COMMENTARY | The 2014 men's ice hockey tournament starts on Wednesday, February 12 at the Winter Olympics in Sochi, Russia.

NHL players are just now making the trip to Sochi as the NHL season is put on hold for the next two-and-a-half weeks.

Canada claimed gold on its home turf four years ago in Vancouver. Can the Canadians repeat, or will another country reign supreme?


Group A

Russia (Earns bye)
Slovakia
United States (Group A winner)
Slovenia

Playing in your home country brings a lot of pressure and expectations, just ask the Canadians. Russia has the weight of the world on its shoulders as it looks to improve on its sixth-place finish in Vancouver.

The Russians are stacked up front with the likes of Alexander Ovechkin, Evgeni Malkin, Ilya Kovalchuk and Pavel Datsyuk, but lack depth on the blue line.

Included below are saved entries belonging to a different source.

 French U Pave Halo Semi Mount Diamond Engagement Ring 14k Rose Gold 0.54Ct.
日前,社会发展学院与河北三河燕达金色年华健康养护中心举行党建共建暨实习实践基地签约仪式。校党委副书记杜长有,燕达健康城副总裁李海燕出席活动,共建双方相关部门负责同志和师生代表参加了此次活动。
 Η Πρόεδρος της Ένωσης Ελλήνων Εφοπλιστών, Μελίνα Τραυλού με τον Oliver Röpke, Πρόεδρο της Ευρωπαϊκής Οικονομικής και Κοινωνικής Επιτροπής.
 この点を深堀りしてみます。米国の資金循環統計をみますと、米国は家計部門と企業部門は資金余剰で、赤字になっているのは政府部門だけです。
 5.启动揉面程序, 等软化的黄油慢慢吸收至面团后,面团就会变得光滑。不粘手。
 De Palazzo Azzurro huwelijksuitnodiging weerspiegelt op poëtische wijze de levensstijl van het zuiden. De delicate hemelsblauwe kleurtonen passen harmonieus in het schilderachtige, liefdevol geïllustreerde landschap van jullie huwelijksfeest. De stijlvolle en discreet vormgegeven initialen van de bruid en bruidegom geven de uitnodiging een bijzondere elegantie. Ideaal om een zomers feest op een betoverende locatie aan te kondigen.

Semyon Varlamov started out hot for the Colorado Avalanche helping them win 14 of their first 16 games, but has since regressed and currently sports a 2.48 GAA and .924 save percentage. I expect Varlamov to get the start over Sergei Bobrovsky, who has been very inconsistent this year.

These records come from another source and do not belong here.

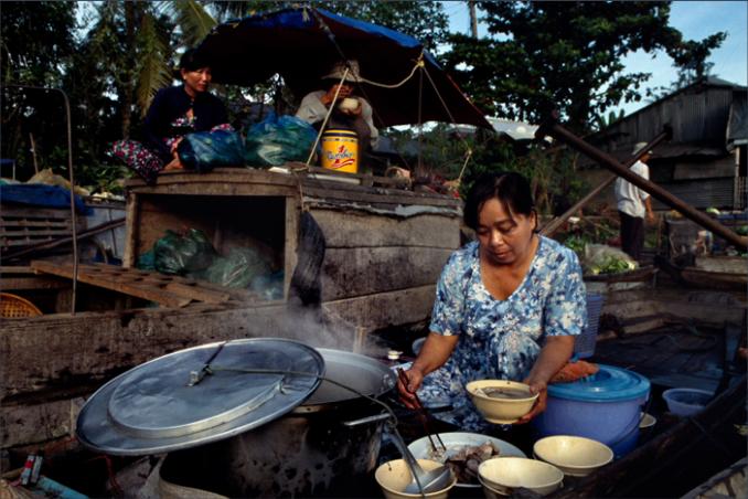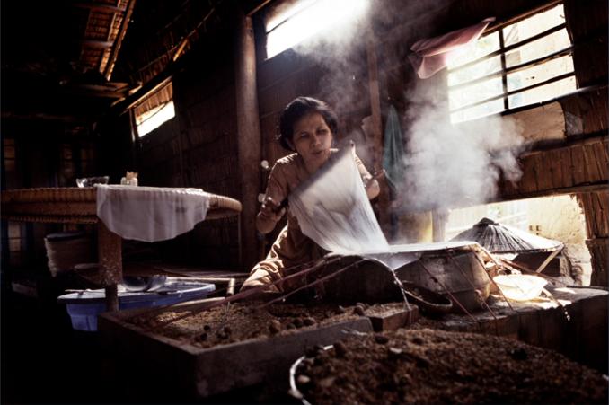 A woman making rice paper in the Mekong Delta, Vietnam.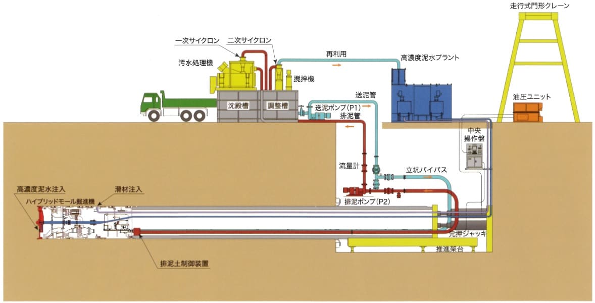 泥水式推進工法のシステム概要図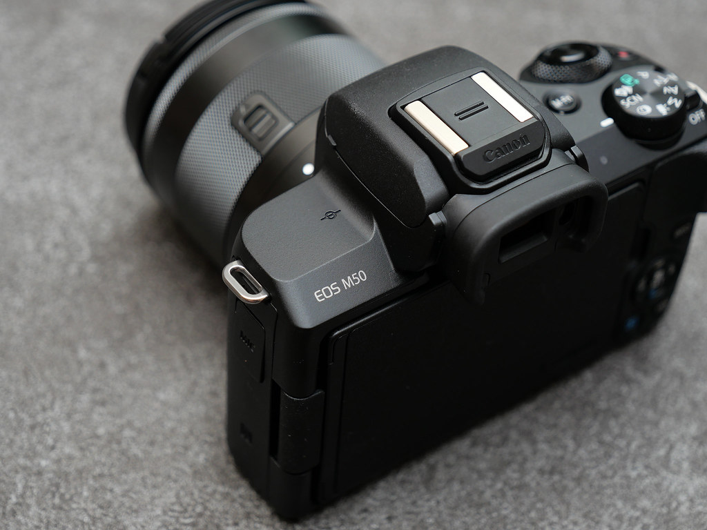 Cũng giống như X-A7, Canon M50 cũng có màn hình cảm ứng xoay lật 270 độ tuy nhiên máy lại có ống ngắm điện tử. Máy được trang bị jack cắm mic 3.5mm. Khả năng quay video 4K 24 khung hình/ giây, 1080 60 khung hình / giây. Màu ảnh của Canon cực kì đẹp, được đánh giá là hãng máy ảnh có màu ảnh đẹp nhất. Thiết kế của máy nhìn khá giống những chiếc DSLR của hãng nhưng không hề nặng. Bên cạnh đó, báng cầm to hơn so với X-A7 đem lại cảm giác cầm nắm dễ dàng và thoải mái hơn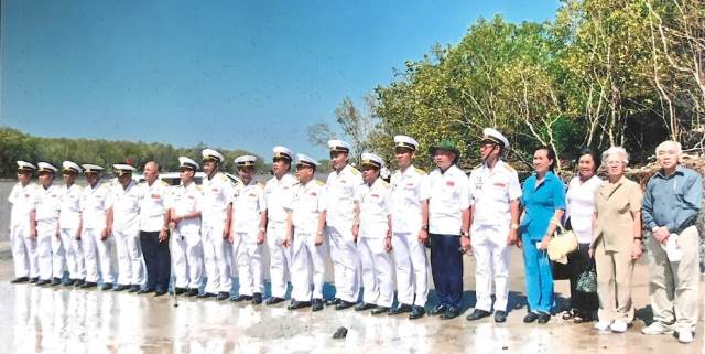 Ông Vĩnh Mẫn và vợ (thứ nhất và thứ hai, từ phải sang) trong chuyến về nguồn cùng các thành viên Đoàn tàu không số, năm 2008. Ảnh: ct.qdnd.vn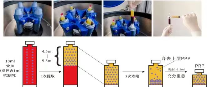 ①通過(guò)抽取患者自體血液,利用離心機(jī)分層后人工提取PRP。
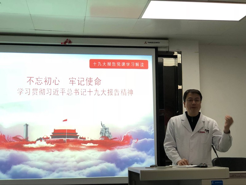 下午四点半,韩东刚支部书记向各位党员介绍此次学习的内容后,李小鹏副院长解读十九大报告党课学习拉开了帷幕,李小鹏副院长深刻分析了十九大报告的内容,对报告的题目和主题进行了详细讲解,对报告结构有针对性地进行了分析,紧扣党的十九大主题,围绕习近平总书记新时代中国特色社会主义思想这个主线,阐述了十九大报告的特点、重点和亮点,深入浅出地对党的十九大提出的新思想、新论断、新要求、新任务作了全面系统而又突出重点的解读,表明十九大报告宣告了中国新时代的到来,同时希望广大党员要牢记使命和责任,投身改革,锐意进取,为中华民族伟大复兴的目标不断奋斗。同时,李小鹏副院长理论联系实际,结合医疗卫生事业发展形势和医院实际,分析了当前医院改革发展面临的挑战和机遇,提出了医院今后一段时期的发展思路,技术引领,驱动新型医疗发展;提高医疗服务,追求卓越品质;强化医院管理,提高工作效率。他要求广大党员深入学习“十九大报告”,坚持以知促行,做讲政治、有信念,讲规矩、有纪律,讲道德、有品行,讲奉献、有作为的合格党员,为我院改革创新发展汇聚正能量,开创新局面。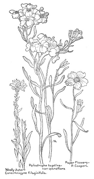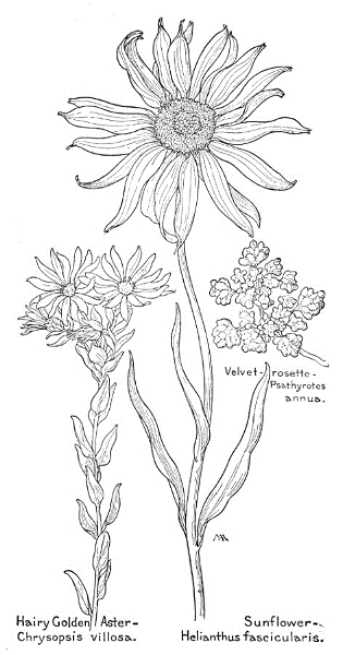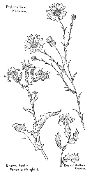 A curious and pretty little desert plant, that looks as if it were trying to protect itself from cold rather than heat, as its pretty foliage and stems seem all made of silvery, gray velvet, forming a symmetrical rosette, dotted with the small, rayless, yellow flower-heads, like fuzzy buttons. The rosette is decorative in form, about a foot across, spreading flat and close to the ground, and is conspicuous on the bare sand of the desert. Only one of the branches is given in the picture.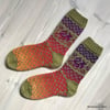 Method: These stranded colorwork socks are knit in the round from the cuff down with a round heel and gusset decreases placed on the sole. The start of the round is placed at the back of the leg and the center of the sole to enable the pattern to flow around your foot as visually uninterrupted as possible. There is an accompanying photo tutorial to aid in correct placement of the heel.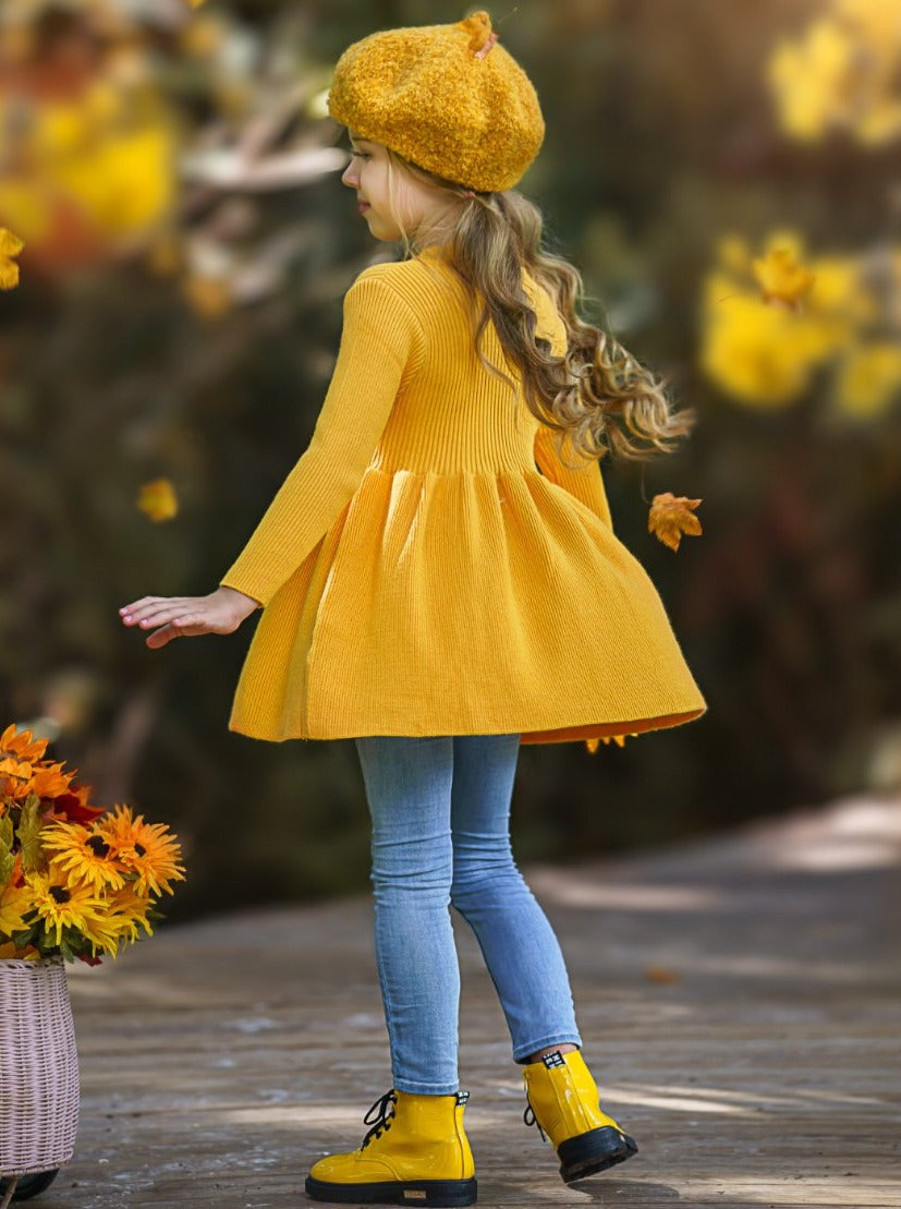 Girls Cozy Weather Knit Tunic - yellow

The United States were one goal away from capturing gold in Canada, and I expect they will make another run at this year's Olympics. Despite not inviting Bobby Ryan or Kyle Okposo to the team, the Americans have a lot of offensive firepower and grit up front.

The goalie trio of Ryan Miller, Jonathan Quick and Jimmy Howard is the second-best goalie lineup at the Games and, if Miller can recreate his 2010 tournament magic, it will be hard to score goals against the Americans.

Slovakia has an opportunity to do some damage, but is not a favorite to win the group. Marian Gaborik will not suit up for Slovakia, but Tomas Tatar's performance with the Detroit Red Wings is something to keep an eye on as he heads to Sochi.

Slovenia has just one NHLer in Anze Kopitar, which doesn't bode well for them. They'll be at the bottom of the Group A standings.

Group B

Finland
Canada (Group winner)
Norway
Austria

It goes without saying that Canada is going to dominate group play. Despite not having Steven Stamkos, the Canadians still have a ton of firepower with Sidney Crosby, Martin St. Louis, Jonathan Toews, Corey Perry and more.

Canada's weak point is going to be at the goalie position. If Roberto Luongo ends up starting, will we see regular season Luongo that dominates the competition, or will we see playoff Luongo, who lets in soft goals and can't seem to find his groove?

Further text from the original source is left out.